PCI 3.0 controls require point-of-sale (POS) training and education for staff who have direct involvement in the payment chain. In terms of outside parties, experts recommend practicing extra due diligence. For example, the We Care guidelines produced by Conexxus and the National Association of Convenience Stores (NACS) advise managers to train staff to ask for
vendors’ or technicians’ identification and confirm scheduled service appointments before granting access to POS terminals or dispensers.
Keeping current with ever-evolving technology can be challenging and costly when it involves replacing POS terminals or other systems. However, security specialists stress that updating hardware and software is a key defensive tool.

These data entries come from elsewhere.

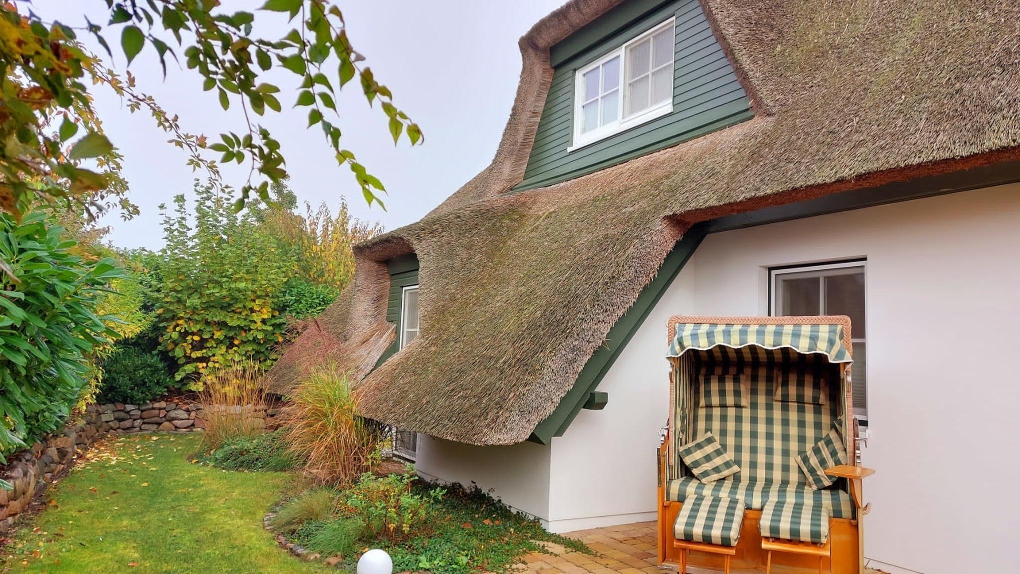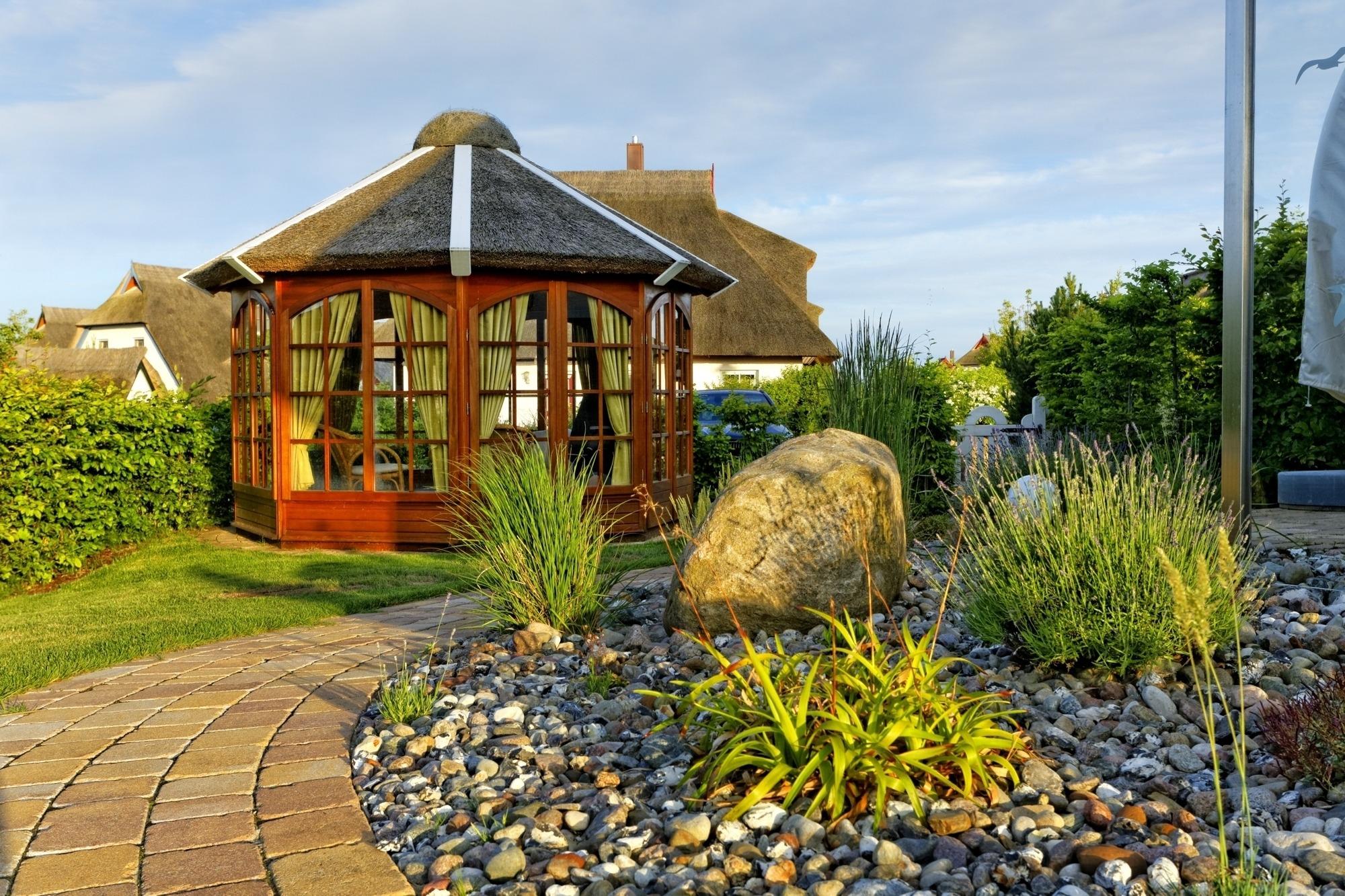 Ein sehr ansprechender zum Haus passender möblierter beleuchteter großer reetgedeckter Pavillon im Garten gibt Ihnen jederzeit Rückzugsmöglichkeiten oder manchmal Schutz vor dem Wind.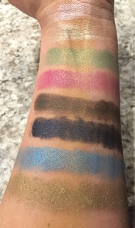 I asked the man which he liked best. His selections were Scumbag Pink and Blue Zircon. I agree. Those are very lovely. I also really like (from these swatches) Electrum, and Hidden Treasure. I had very high hopes for Pink Opal - but I'm not discouraged yet. I think it will pop well over a white sticky base for a calmer daytime look or work well as a highlight (inner eye or brow). I am also lured into the beatiful green sparkle of Aventurine and I know it will be worth the hassle to get it to stick on the eyes. I am also eagar to see how the more matte colours work, and I suspect I am going to like them.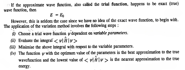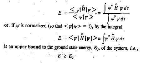 According to the variation method, also called the variation theorem, if ψ is an approximate wave function of a quantum mechanical system, an atom or a molecule, described by the Hamiltonian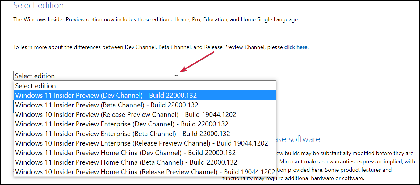 - 向下滚动页面并在Select edition下选择Windows 11。
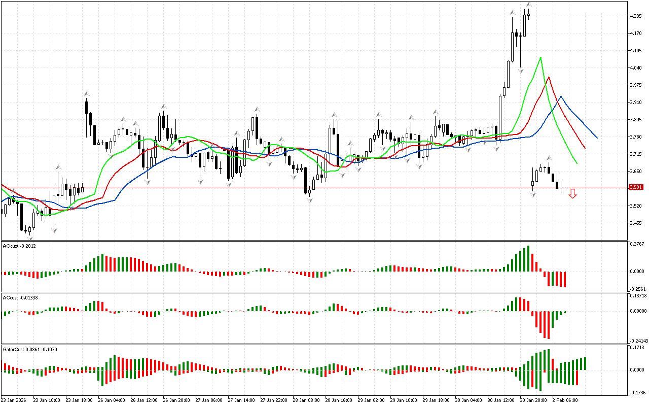Gator рисует серию красных столбцов. Этот сигнал говорит нам о формировании коррекции.
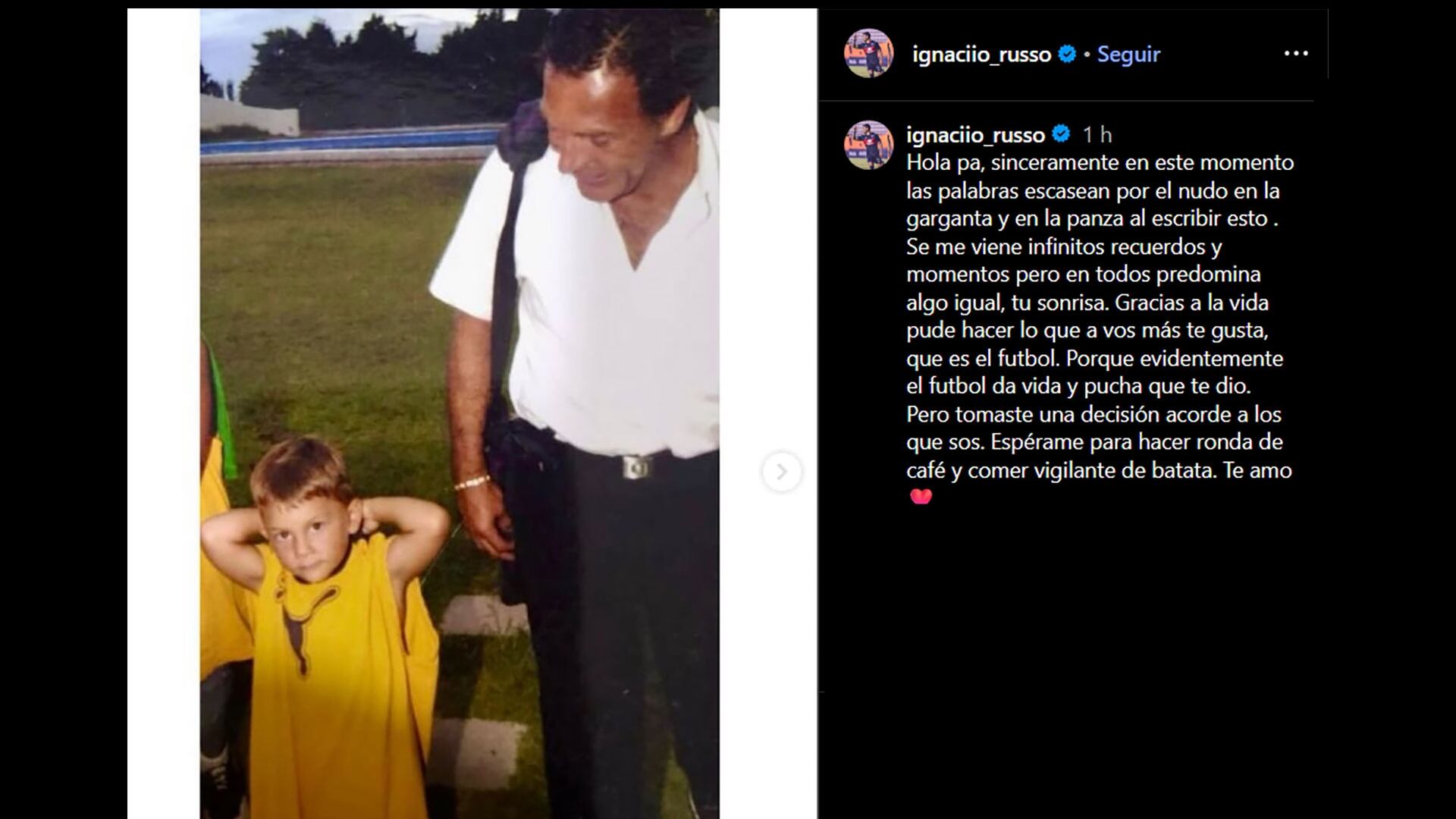 También compartió otro posteo con varias imágenes suyas de niño y adolescente junto a su padre, y un mensaje cargado de emoción: “Hola pa, sinceramente en este momento las palabras escasean por el nudo en la garganta y en la panza al escribir esto. Se me viene infinitos recuerdos y momentos pero en todos predomina algo igual, tu sonrisa. Gracias a la vida pude hacer lo que a vos más te gusta, que es el fútbol. Porque evidentemente el fútbol da vida y pucha que te dio. Pero tomaste una decisión acorde a los que sos. Espérame para hacer ronda de café y comer vigilante de batata. Te amo “.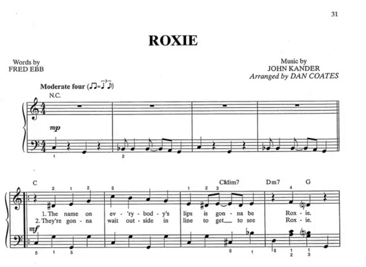 Chicago Movie Selections Easy Piano Songbook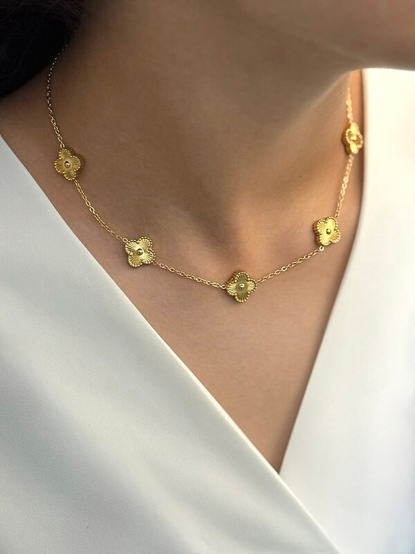 گردنبندزنانه دخترانه ونکلیف رنگبندی مشکی صدفی طلایی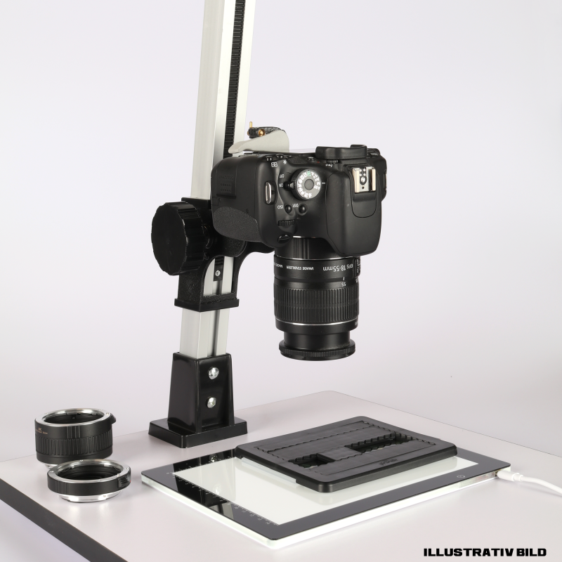 Ett repropaket (#28) med reproställ, ljusbord och filmhållare för att underlätta avfotografering av negativ och positiv. Paketet innehåller ett Fotobestway CS-102 reproställ, ett Art-Slim ljusbord (A5-Storlek) och en Pixl-Latr filmhållare. Fördelen med att använda Fotobestway CS-102 reprostativ är att kameran och negativet hamnar parallellt , så att man undviker parallax- och skärpefel. Ljusbordet ser till att negativet (eller positivet) blir jämnt bakgrundsbelyst. Filmhållare ser till att hålla fast negativ-remsan (eller bladfilmen) på ljusbordet. (Det går att köpa till en insats för monterade diabilder).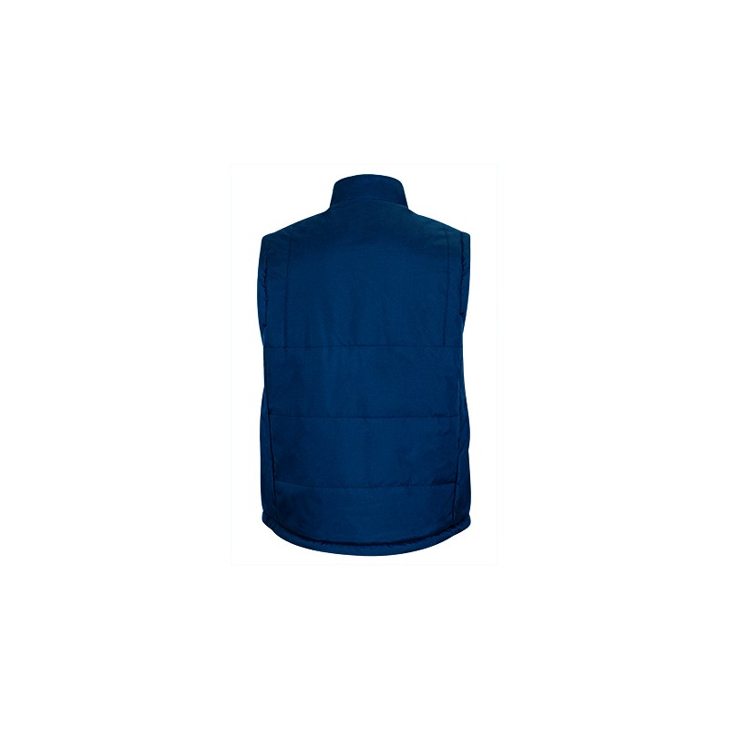 Chaleco de abrigo confeccionado en tejido Oxford hidrofugado con relleno acolchado y forro interior polar antipeeling, de alto efecto calórico, cuello alto y cremallera frontal entera, dos bolsillos delanteros oblicuos y uno horizontal en pecho izquierdo, los tres con cierre de cremallera.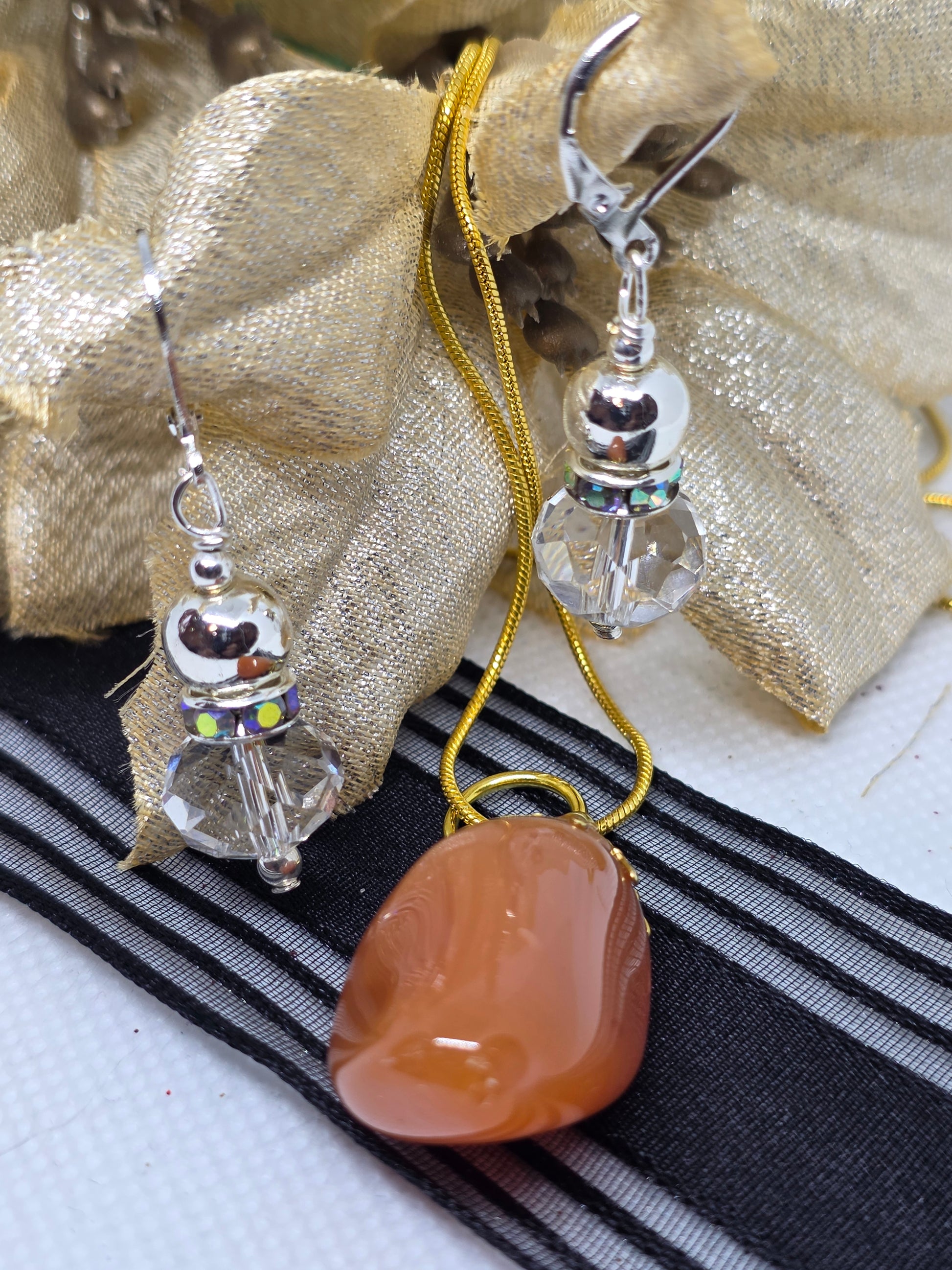 Add a touch of elegance with this charming jewelry set featuring a pink rock pendant necklace paired with delicate white earrings. Perfect for both casual and formal looks, the soft hues create a graceful and feminine vibe.
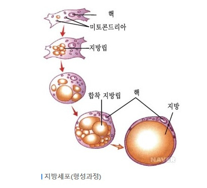 지방을 흡수저장하고 필요할 때 에너지로 쓸 수 있게 내보내주는 역할을 하는 것은 지방세포입니다. 그런데 지방공급이 과잉되어 지방세포 하나하나가 비대해지거나 그 수가 늘어나면 비만이 됩니다.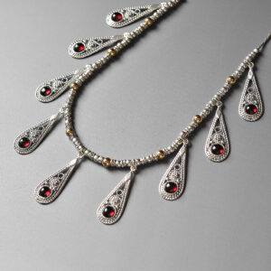 Amazing delicate filigree necklace in the shape of the bird with garnet stone in the middle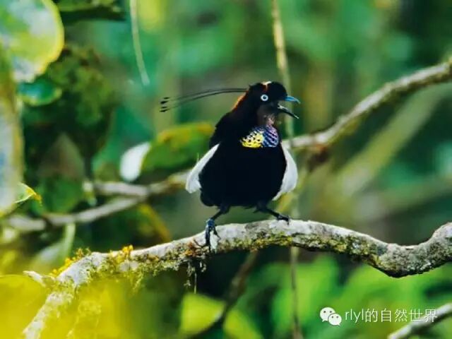 六线风鸟(六线极乐鸟)是雀形目风鸟科六线风鸟属4种奇特鸟儿的统称,该属秉承了风鸟科夸张多变的特点,将头顶的冠羽和胸饰发展成一道奇特风景。六线风鸟属 分布于新几内亚、印尼,包括西六线风鸟(阿尔法六线风鸟)、白肋六线风鸟、博氏六线风鸟、瓦氏六羽风鸟4种,外形均相似,体羽基本上黑色,胸前有靓丽的胸 盾,头部向后伸出6根像金属丝的羽毛,末端呈旗状,生有胁羽。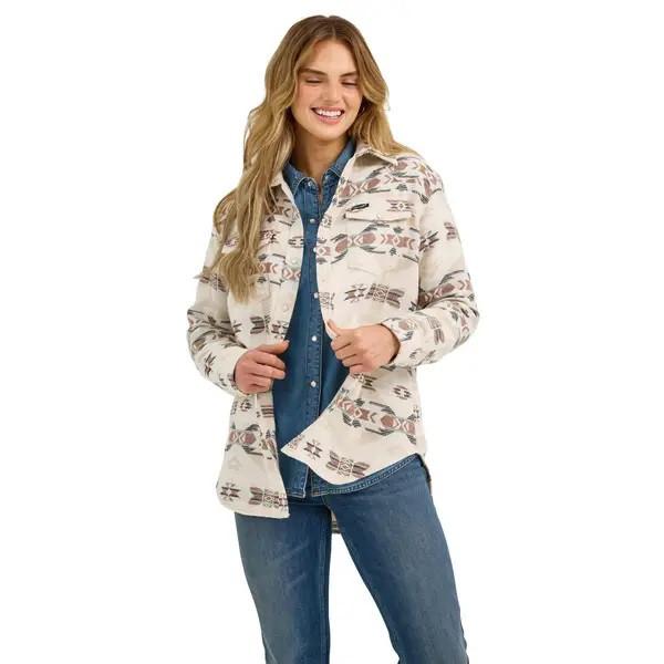 Wrangler Women's Cream Multi Jacquard Aztec Long Sleeve Shacket

One example of a hardware upgrade is the EMV (EuroPay, MasterCard and Visa) chip. Instead of one permanent card number like the current credit/debit system, it generates a new number after each purchase when used at a POS terminal specifically programmed to read it.
“The end game, if you will, is to devalue the data so that it is useless in the hands of organized crime, criminals and state-funded actors. [EMV] will defeat fraud at the point of sale,” Orfei said. “We know that it will deliver on its promise [because of its] experience in both the Asian/Pacific and European theaters. Their POS, unlike here in the U.S., is not under attack.”
That said, the c-store industry remains mixed on its value. Merchants must convert to EMV terminals by October 2015, when liability will shift to acquirers for domestic and cross-border counterfeit fraud card-present POS transactions if the merchant does not have an EMV-enabled POS device. However, EMV cards continue to be accepted at current POS terminals as traditional credit/debit cards without creating a new number.
“Our industry will need to invest $3.5 billion to upgrade our stores to EMV, and we don’t even have a final specification yet,” Taylor said. “I am not sure the financial risk associated with not being EMV-compliant is all that great either.”
Regularly updating software, though, does not require large investments. “I would urge merchants to pay particular attention to the fundamentals, [such as] using the latest antivirus and keeping patches up to date,” Orfei said.
“Software and malware updates are important and implemented on a weekly basis across the company,” echoed Withem. E-Z Mart operates 289 company-owned stores. “It would be reckless to not at least do that.”
Also, as more and more consumers embrace mobile pay methods, the demand for more comprehensive security practices will continue to grow.
“Data security is about constant vigilance,” concluded Taylor.